The tutorials will take place on Thursday the 13th of December 2018 and the introductory CRoNoS Winter Course on Time Series will take place the 11-12 December 2018 at the Facolta di Economia, University of Pisa, in front of the venue of the conference (Room: TBA). The registration for the tutorials will take place at the venue (Polo didattico delle Piagge dell'Università di Pisa, Via Giacomo Matteotti 3, 56124 Pisa). The number of participants to the tutorials is limited and restricted only to those who attend the conference. For further information send an email to info@CMStatistics.org.
A link with some material will be provided to the students in due course.

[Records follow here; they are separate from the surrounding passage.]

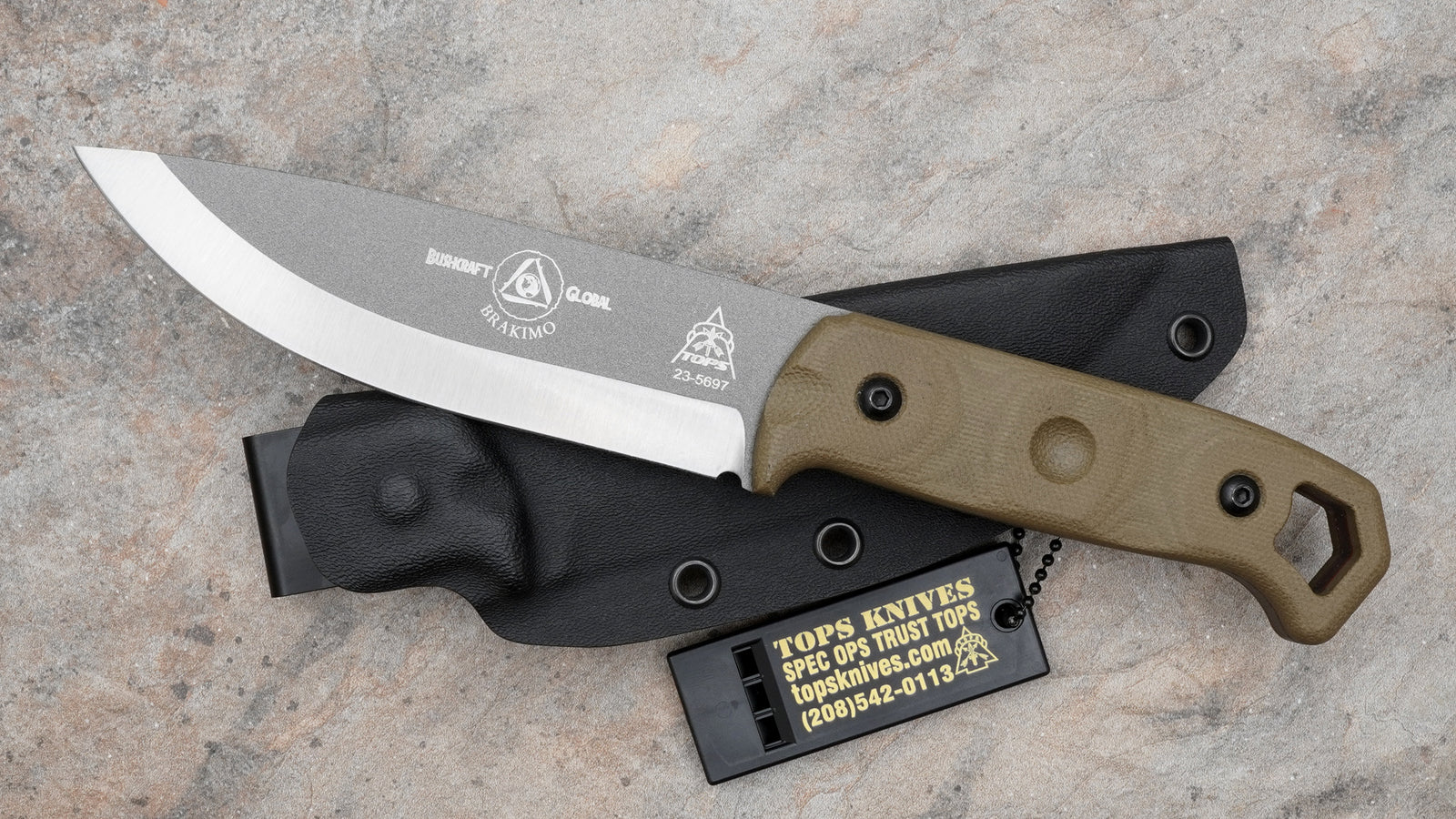 TOPS Brakimo Fixed Blade, Green Micarta Handle BRAK-02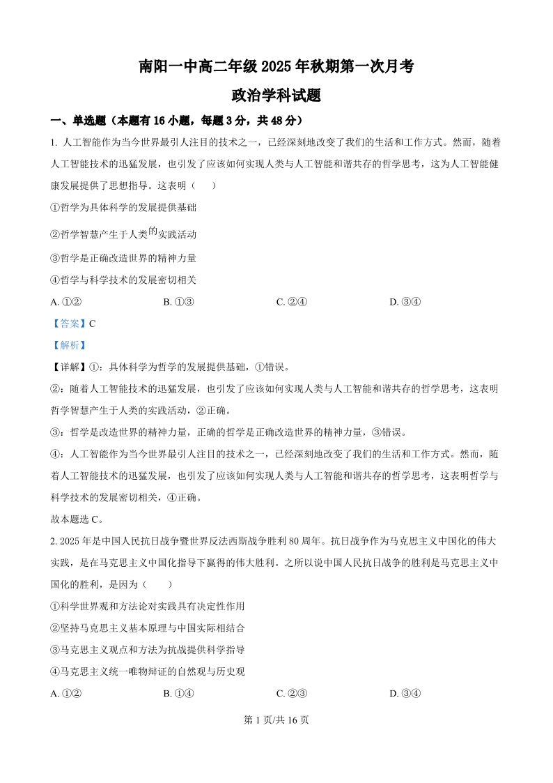 高二政治(精品解析版)--河南省南阳市第一中学校2025-2026学年高二上学期第一次月考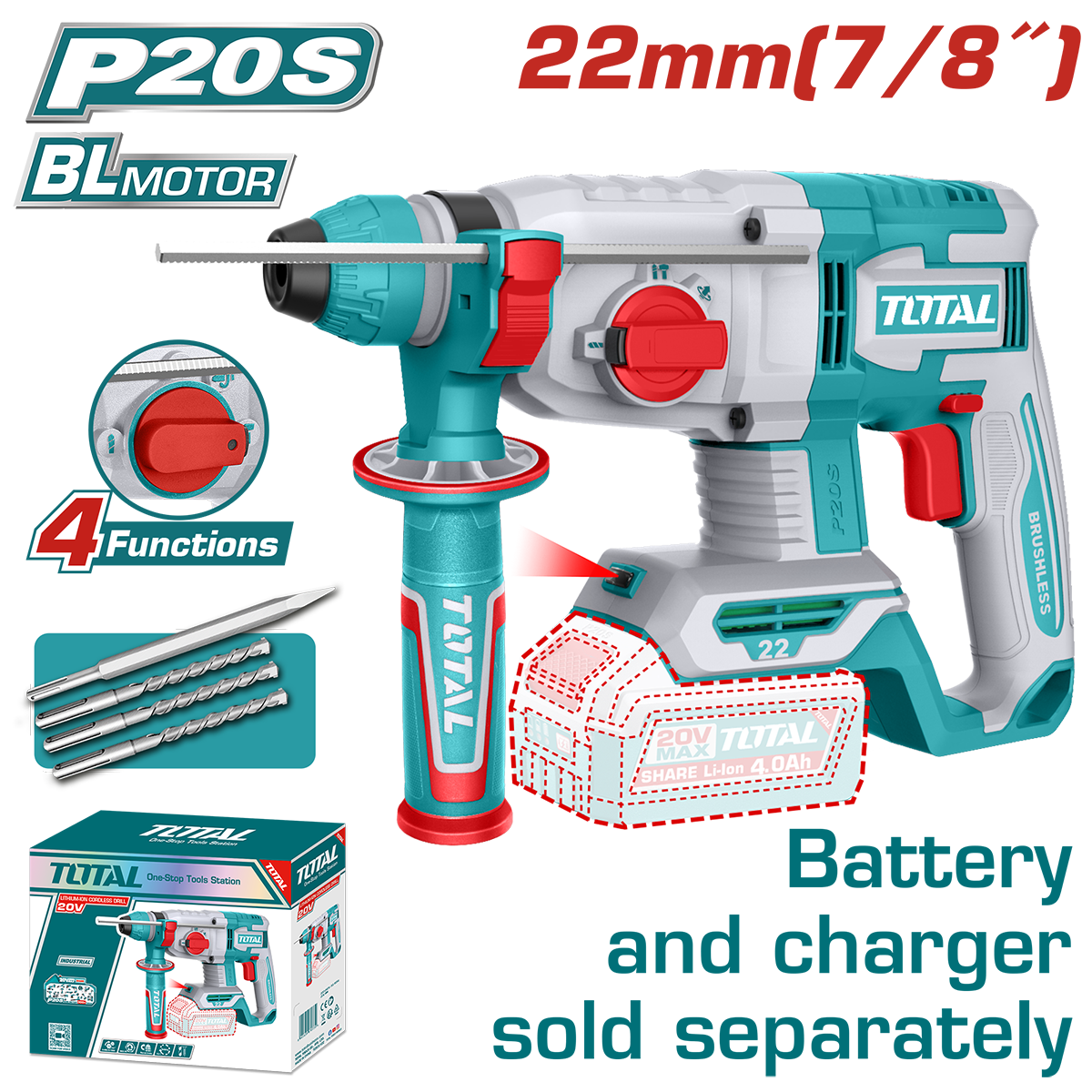 Ciocan rotopercutor Total Li-Ion 20V, 2.0J, motor fara perii, 5400 bpm, 1100 rpm

The advances in information technology and survey methods have increased the availability of intra-daily, daily and weekly time series. Seasonality is perhaps the most prominent features of time series that are observed at the sub-annual frequency. Modelling seasonality in high frequency time series serves a variety of analytical purposes, including seasonal adjustment and forecasting. It also poses several important challenges. First of all the seasonal period of the annual and the monthly cycles are neither constant nor integral. Secondly, in order to accommodate abrupt seasonal patterns, several harmonic cycles are needed to complement the fundamental one or several season-specific individual effects are required. This poses variable selection or regularization problems of the kind that are typical of high-dimensional inferential settings. Thirdly, the need for methods that are robust to outliers is reinforced by the fact that the effects of outlying observations are not smoothed by temporal aggregation and that they are relatively more frequent. The robustness can be enforced either by an outlier detection procedure or by robust filtering methods. The tutorial aims at reviewing the solutions that have been provided by the literature and at exposing some of the challenges open to further research. In particular, it focuses on parametric and semiparametric models of seasonality within an unobserved components framework, where the seasonal component is estimated along with other components.
Prediction has been traditionally approached via a model-based paradigm, i.e., (a) fit a model to the data at hand, and (b) use the fitted model in order to extrapolate/predict future data. Due to both mathematical and computational constraints, 20th century statistical practice focused mostly on parametric models. Fortunately, with the advent of widely accessible powerful computing in the late 1970s, computer-intensive methods such as the bootstrap and cross-validation have freed practitioners from the limitations of parametric models. Nevertheless, there is a further step one may take, i.e., going beyond even nonparametric models. The Model-Free Prediction Principle is based on the simple notion of transforming a complex dataset to one that is easier to work with, e.g., i.i.d. or Gaussian. Coupled with resampling, the Model-Free Prediction Principle further allows us to go beyond point prediction in order to construct frequentist prediction intervals without resort to unrealistic assumptions such as normality or linearity. The tutorial will focus on comparing Model-based to Model-Free prediction in the case of time series data.